AFAIK there are no 3d drivers for linux for intel chipsets
And i cannot help you with your PCI solution either, as i only know about AGP based. Try googling for that one
I imagine that the proceedure should be abit different as its not AGP
Thanks for the reply. I don't think ATI's drivers support PCI hardware acceleration. Right now i'm trying to properly configure XFree86 4.4. It won't seem to start. When i try to start KDE i get "cannot open display message". Does anyone know what that mean. When I installed Xfree 4.4 i had Xfree 4.3 installed, i overwrote everything during the installation. I was wondering if anyone knows the best way to get Xfree 4.4 working. should I install it on a Linux system with no previous version and no desktop environments or should I do an upgrade install. The first option seems good, I might install Suse 9 with no XFree and no desktops, then install the XFree 4.4 binaries i got from their website. All in an attempt to get hardware acceleration for my PCI Radeon card. Keep in mind that I'm new to Linux and if my ideas sound completely insane feel free to tell me so.
If there is/was any confusion, i wanted PCI-X, not PCI. But it's different now.
Anyways, the slowness comes from the drivers ATI makes for linux, which are crap........I tried my old Xtasy GeForce4 MX440 64mb 4xAGP card the other week on Gentoo, got the drivers just by emerging them, played the UT2004 demo and got 80+ FPS with moderately high settings on the Onslaught map!!!!!!!
Basically, it came right down to the drivers and if I don't see a change in ATI's drivers (say, from closed source to open source, or better speed) then I will be purchasing the FX6800 Ultra AGP for my speed needs. I am not quite sure of PCI-X and it's compatibility with linux at the current moment of development, but I know that AGP works well enough and I can wait on PCI-X for another year or so like I am with 64 bit cpus.
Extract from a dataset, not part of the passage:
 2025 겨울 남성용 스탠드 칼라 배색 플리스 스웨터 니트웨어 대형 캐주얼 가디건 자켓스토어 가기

They just take time for them to become optimal in my eyes, as is the case with the athlon 64 2800+ revisions over the first 3 (3000, 3200, and 3400).
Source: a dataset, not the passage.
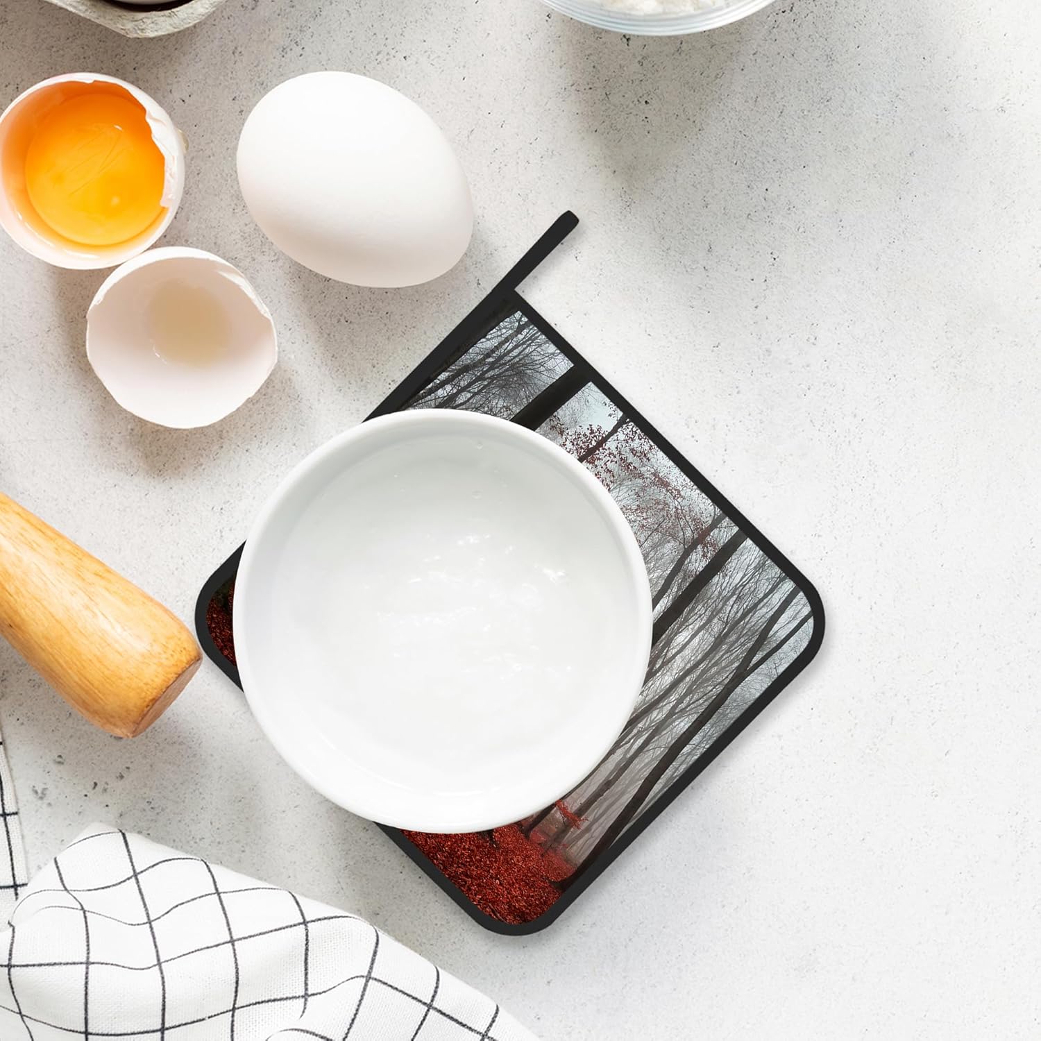 Pot Holder Set of 2,Misty Forest Red Kitchen Heat Resistant Potholder for BBQ Cooking Baking,Food Hot Pat for Women Men Kitchen Wear

My friend and I laughed our butts off when we saw how well my forever preached by me "crappy old heap of junk" of a video card was whuppin' my brand spankin' new 9800 PRO.... ....for shame ATI, for shame....
its true that ATI's linux drivers suck as of now (FPS wise), but after talking to people who design these drivers there are some reasons and issues that cause the low FPS in the current drivers.
There are new ones thats coming out soon, so stay tuned.
NVIDIA has the lead in linux drivers as they were supporting linux for a long time now, unlike ATI. So things should improve soon.
You do still need the nvidia-agp module installed and loaded before you launch X
as fglrx needs it.
Phorem:
I still study in UW and got this job as a coop for next 4 mnths (and hopefully fulltime later)
Funny thing about the current drivers: the FPS were sluggish at best on my machine, but are great on my boss' linux box, so it might have to do with the system as a whole (CPU, mobo... deviations) that affects the performance.
I have a Radeon 9600 and this fix got openGL back and working right on my box, but when running opengl games they seem to be crashing a lot. Anyone have any suggestions? Thanks.